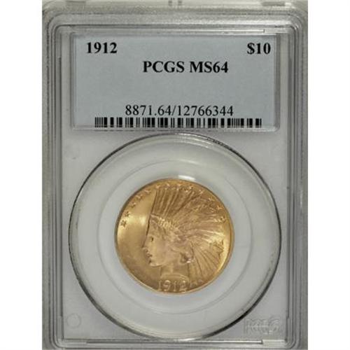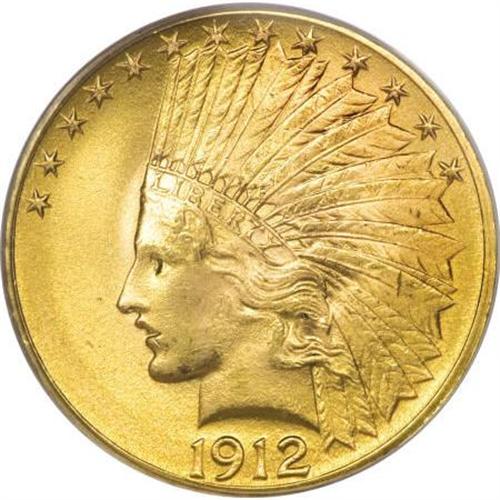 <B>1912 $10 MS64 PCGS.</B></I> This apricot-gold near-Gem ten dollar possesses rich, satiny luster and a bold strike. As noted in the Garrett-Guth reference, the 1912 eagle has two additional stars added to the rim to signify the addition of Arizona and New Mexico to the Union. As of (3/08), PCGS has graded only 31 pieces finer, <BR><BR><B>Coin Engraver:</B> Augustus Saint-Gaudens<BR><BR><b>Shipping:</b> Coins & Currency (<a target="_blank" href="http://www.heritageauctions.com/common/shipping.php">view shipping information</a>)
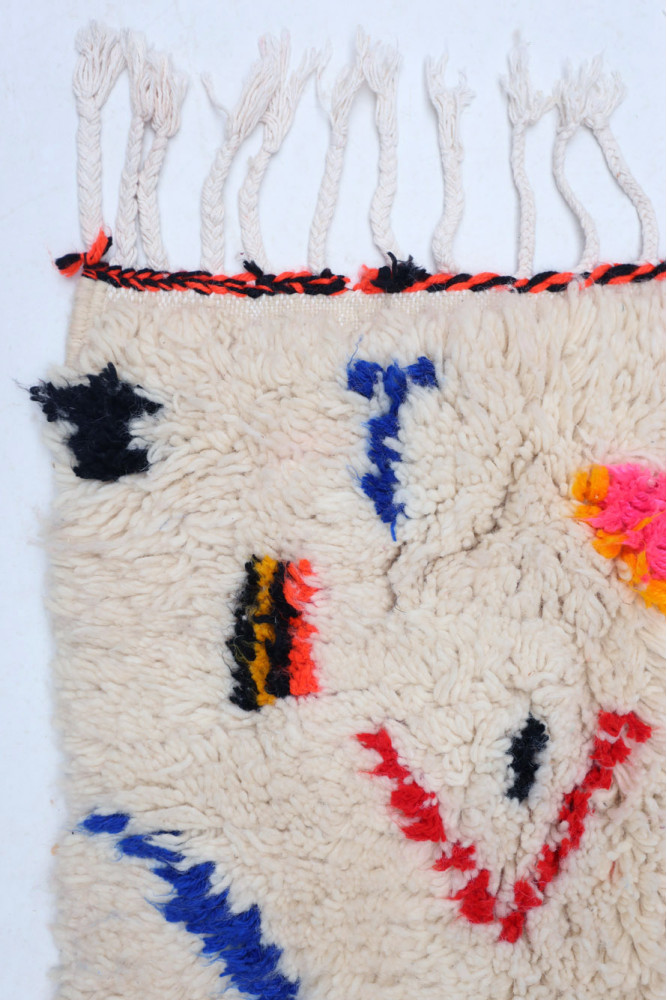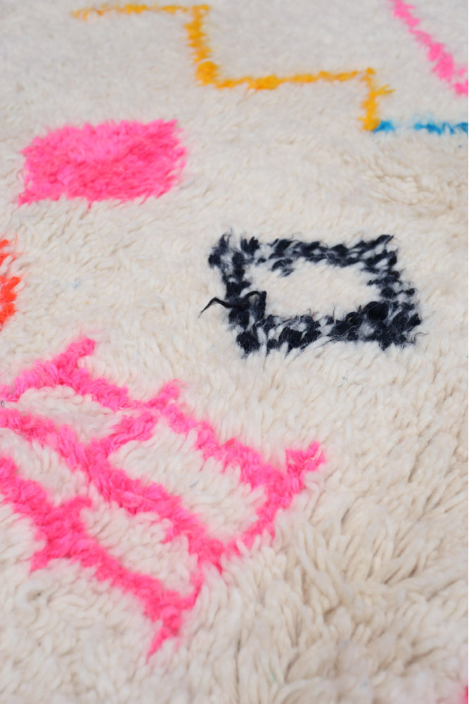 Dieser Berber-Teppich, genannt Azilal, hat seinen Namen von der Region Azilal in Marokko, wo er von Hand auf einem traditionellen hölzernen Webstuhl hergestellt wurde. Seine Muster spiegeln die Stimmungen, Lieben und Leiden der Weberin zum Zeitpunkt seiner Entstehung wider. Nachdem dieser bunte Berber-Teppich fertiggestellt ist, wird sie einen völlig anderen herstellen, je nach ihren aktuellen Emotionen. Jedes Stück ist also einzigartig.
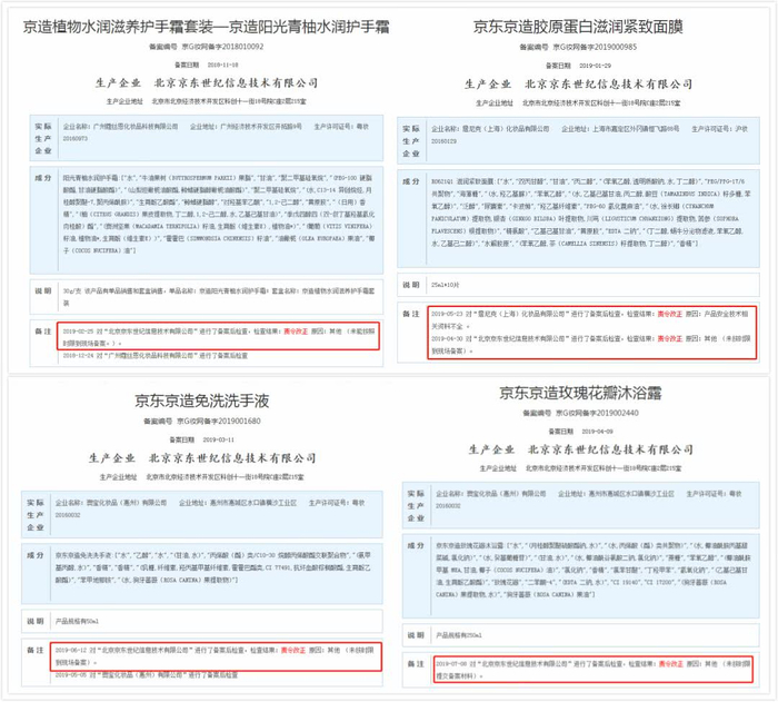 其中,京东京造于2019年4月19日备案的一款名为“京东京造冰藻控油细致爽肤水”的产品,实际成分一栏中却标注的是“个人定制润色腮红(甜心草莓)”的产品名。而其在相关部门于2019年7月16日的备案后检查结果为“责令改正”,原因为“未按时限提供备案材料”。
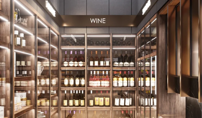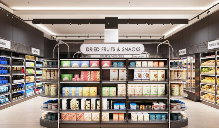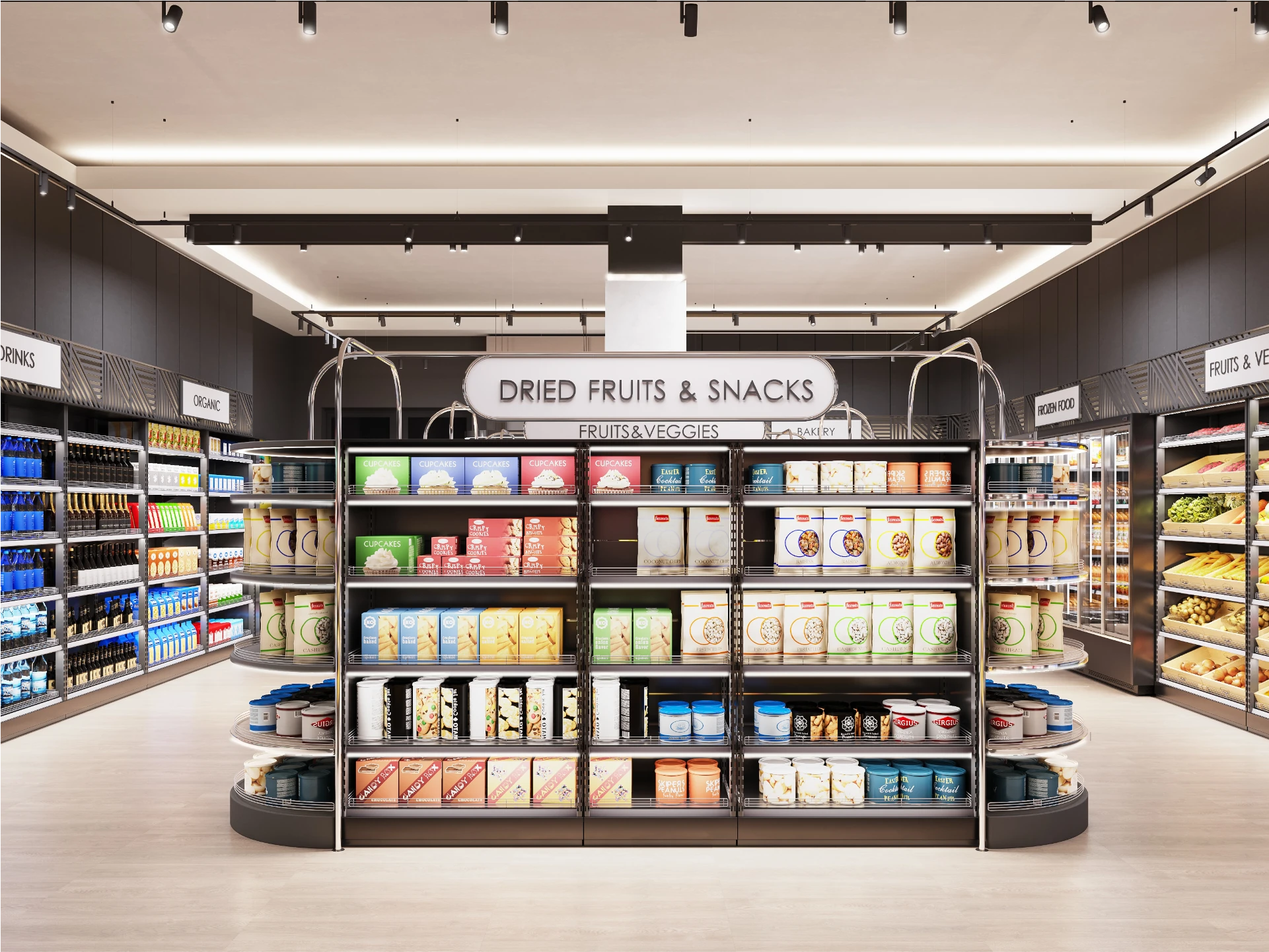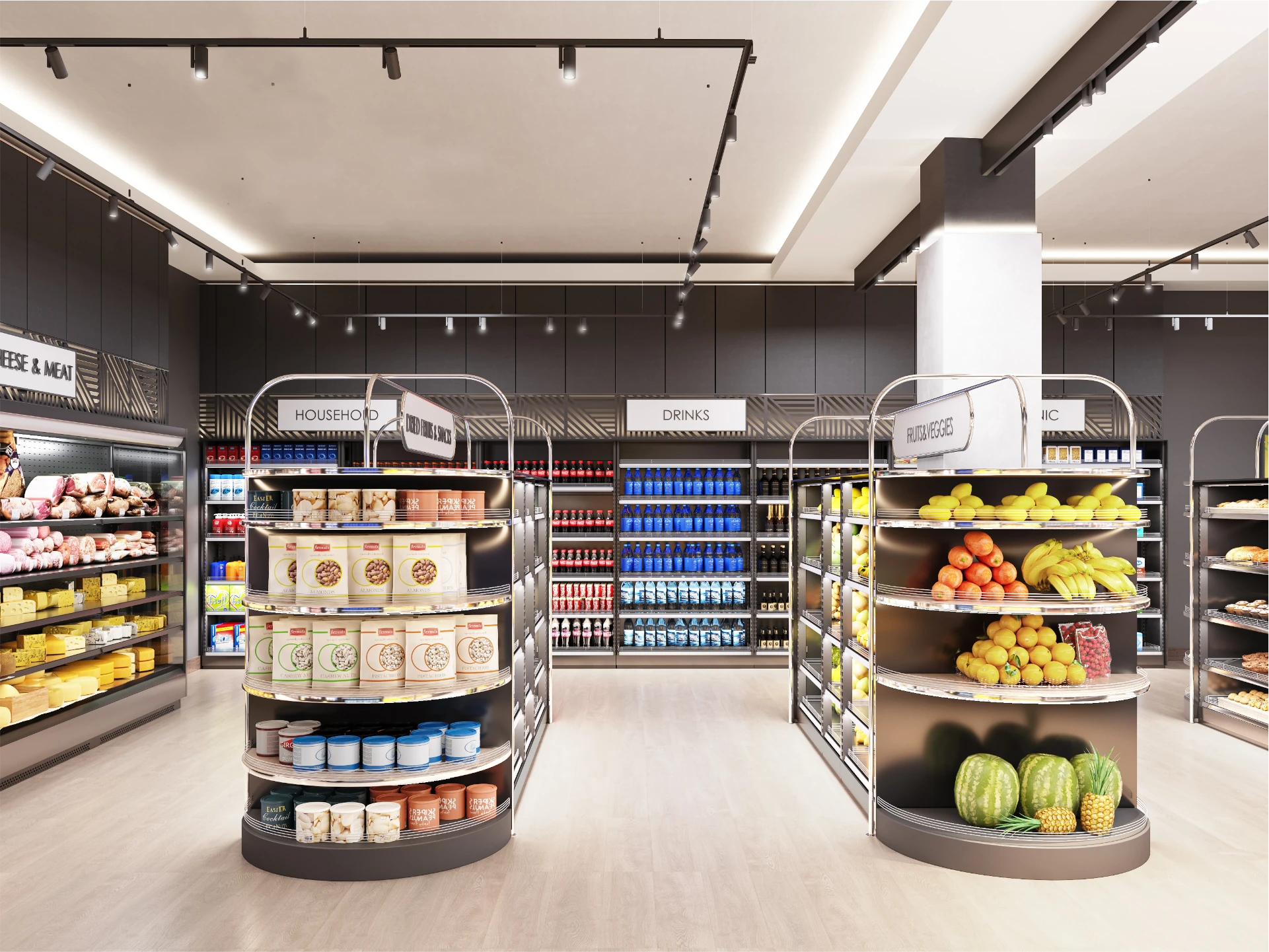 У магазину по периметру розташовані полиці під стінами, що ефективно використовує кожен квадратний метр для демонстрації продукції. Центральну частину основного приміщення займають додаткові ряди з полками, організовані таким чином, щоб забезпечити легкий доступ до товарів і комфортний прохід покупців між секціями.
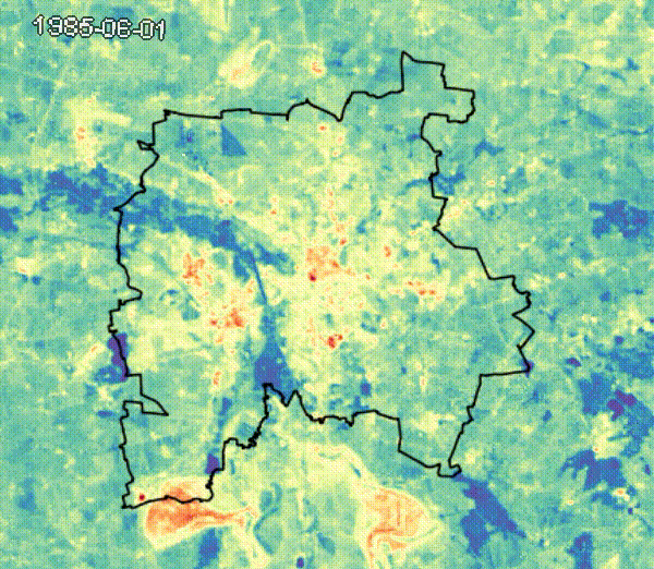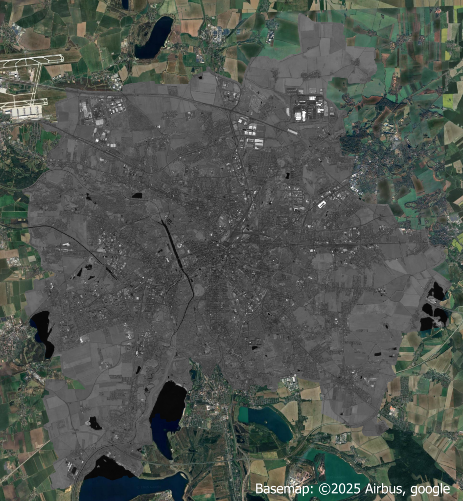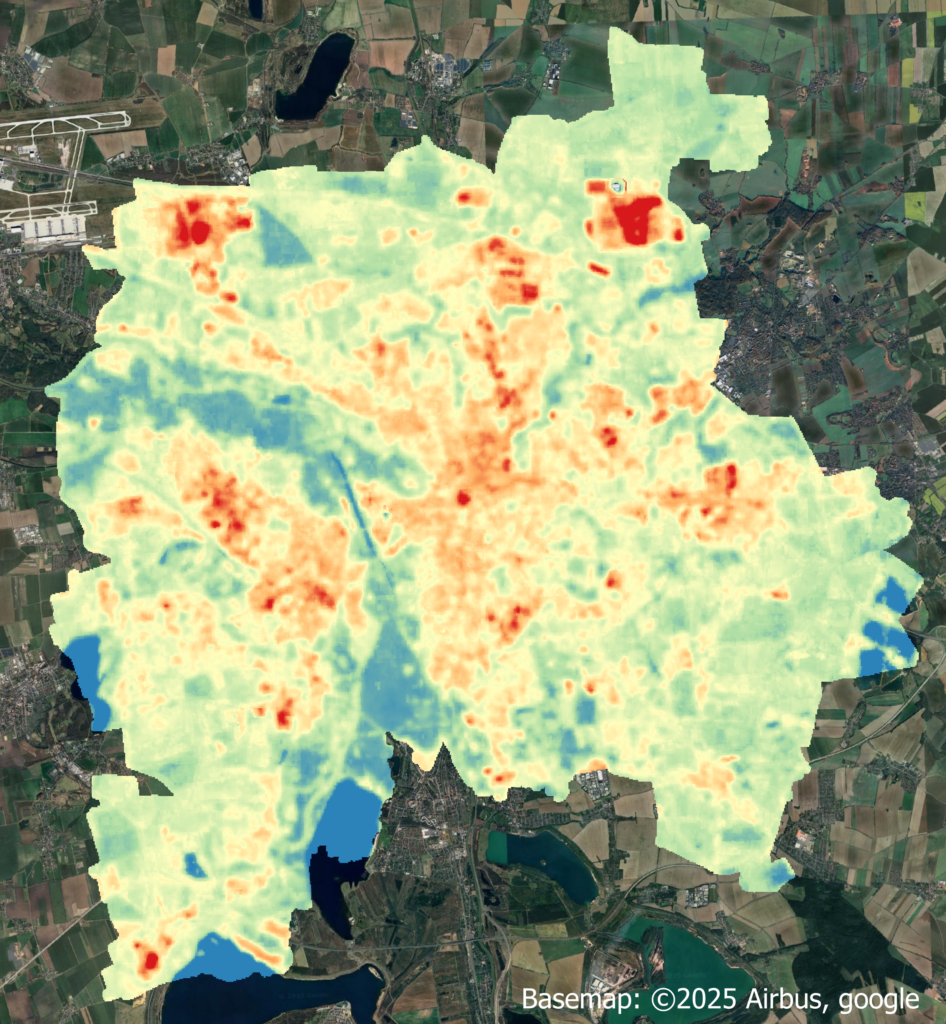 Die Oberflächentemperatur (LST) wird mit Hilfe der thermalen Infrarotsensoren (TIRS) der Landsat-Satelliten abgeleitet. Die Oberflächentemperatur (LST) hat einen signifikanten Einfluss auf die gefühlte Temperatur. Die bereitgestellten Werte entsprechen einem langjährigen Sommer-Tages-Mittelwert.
####
Exactly as written, reproduce the lines from the one containing "其中,京东京造于2019年4" through the last line of the entries above, and leave every picture out.

 其中,京东京造于2019年4月19日备案的一款名为“京东京造冰藻控油细致爽肤水”的产品,实际成分一栏中却标注的是“个人定制润色腮红(甜心草莓)”的产品名。而其在相关部门于2019年7月16日的备案后检查结果为“责令改正”,原因为“未按时限提供备案材料”。
 У магазину по периметру розташовані полиці під стінами, що ефективно використовує кожен квадратний метр для демонстрації продукції. Центральну частину основного приміщення займають додаткові ряди з полками, організовані таким чином, щоб забезпечити легкий доступ до товарів і комфортний прохід покупців між секціями.
 Die Oberflächentemperatur (LST) wird mit Hilfe der thermalen Infrarotsensoren (TIRS) der Landsat-Satelliten abgeleitet. Die Oberflächentemperatur (LST) hat einen signifikanten Einfluss auf die gefühlte Temperatur. Die bereitgestellten Werte entsprechen einem langjährigen Sommer-Tages-Mittelwert.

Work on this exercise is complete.